Episode 2: Superheroes Meet; Mary's Version

I got my M. A. in film and television from UCLA, a happy event tarnished by timing, as I was just in time to hit the job market during a massive writer's strike. (No, no, not the one that just happened, the one that was years aqo, you whippersnappers.) I bounced between temp jobs, before landing what seemed like a good gig at a major talent agency. It wasn't that I wanted to be an agent--though I had managed a band during college and would for some years book shows and do other agent-like things in the Hollywood club scene--but I did want a steady paycheck doing interesting work. The work certainly was interesting--my boss was a casting agent, which meant her job was to try to place as many agency clients in upcoming movies as possible--but it also was stressful in that particular Hollywood way--my boss was, oh, let's say demanding and exacting, and leave it at that. After all, I'm not a licensed psychotherapist, so it wouldn't be ethical to make a clinical diagnosis.

Not one to engage in Hollywood notions of hierarchy, but one who does notice things people put on their bulletin boards, one day when I stopped to chat with the guy who coordinated the messengers (oh, please, darling, just not done; you only notice the messenger office when they don't break the laws of physics and get your package to its destination within moments of the request for delivery), and observed he had a Bloom County strip pinned up. This particular one was a poignant, yet still funny, strip about the untimely death of Gilda Radner. I love Bloom County. I loved that strip. No one else in the company had a sense of humor, near as I could tell. So I talked to Rick about it.

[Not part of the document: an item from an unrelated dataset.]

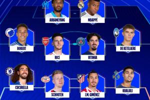 中場:羅伯特(哥本哈根)、賴斯(阿森納)、維蒂尼亞(巴黎圣日耳曼)、德凱特拉雷(亞特蘭大)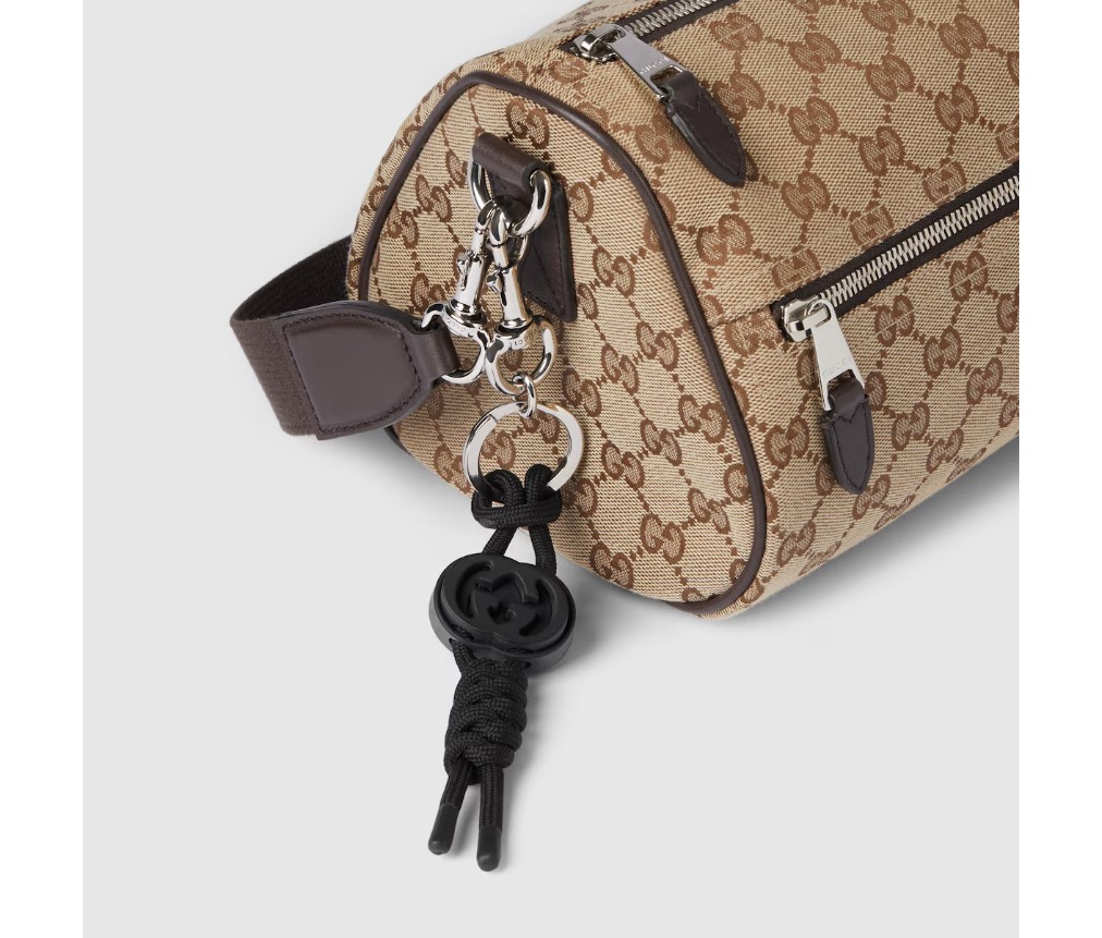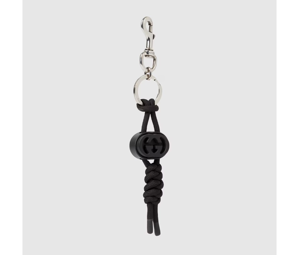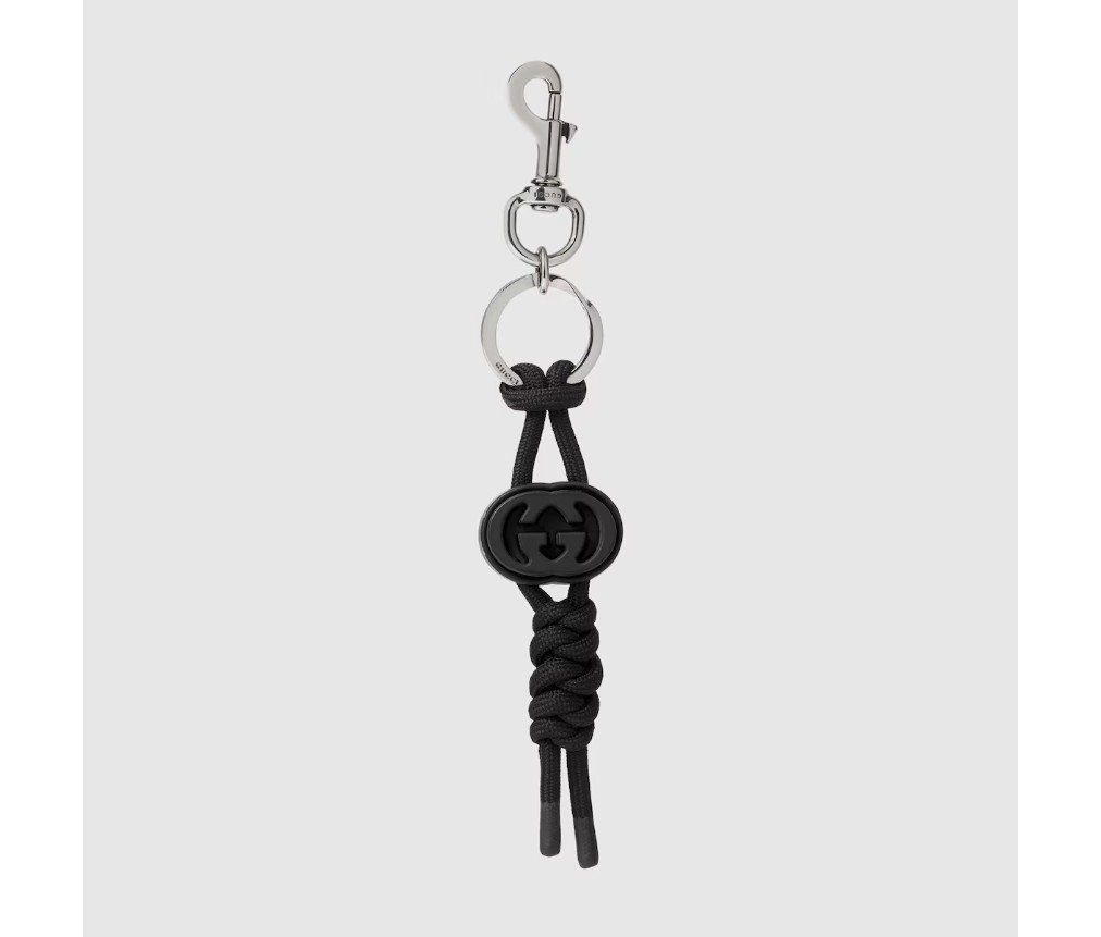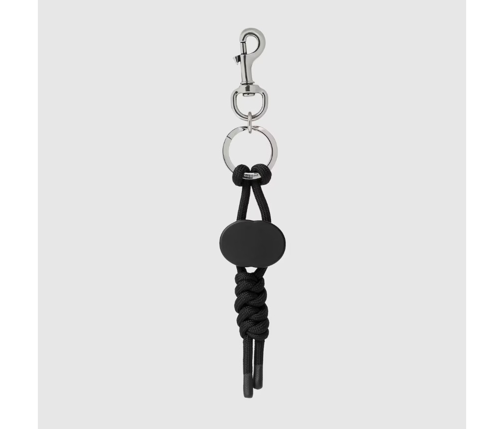 스타일 834480 자잇 88442025 프리폴 컬렉션에서는 하우스의 시그니처 테마를 담은 액세서리를 선보입니다. 이 키링은 매듭으로 묶은 로프 베이스 위에 서로 맞물리는 G 모티프가 특징입니다.

That's what life turns on. Not dimes, but pieces of newsprint. On small decisions made with very little, if any, thought at all. Sometimes, I like to scare myself, the fun kind of scare, the kind you get watching horror movies, by imagining what would have happened if he hadn't taped up that strip, if I hadn't noticed it, if we hadn't talked. It really freaks me out, but then I can calm down by reminding myself that I don't have to worry about that, or the guy with the ax who is in the house with you, because it's only make-believe.

Rick and I went out to dinner shortly thereafter, and quickly ascertained several important things: 1) We both have the same sense of humor and got along like we had already known each other our whole lives. 2) He is gay and a man. 3) I an straight and a woman. There was nothing to do for it but become best friends for the rest of our lives.

I think we've done pretty well so far.

I know I have a lot of living left to do in order to have enough time to be as good a friend to him as he's been to me.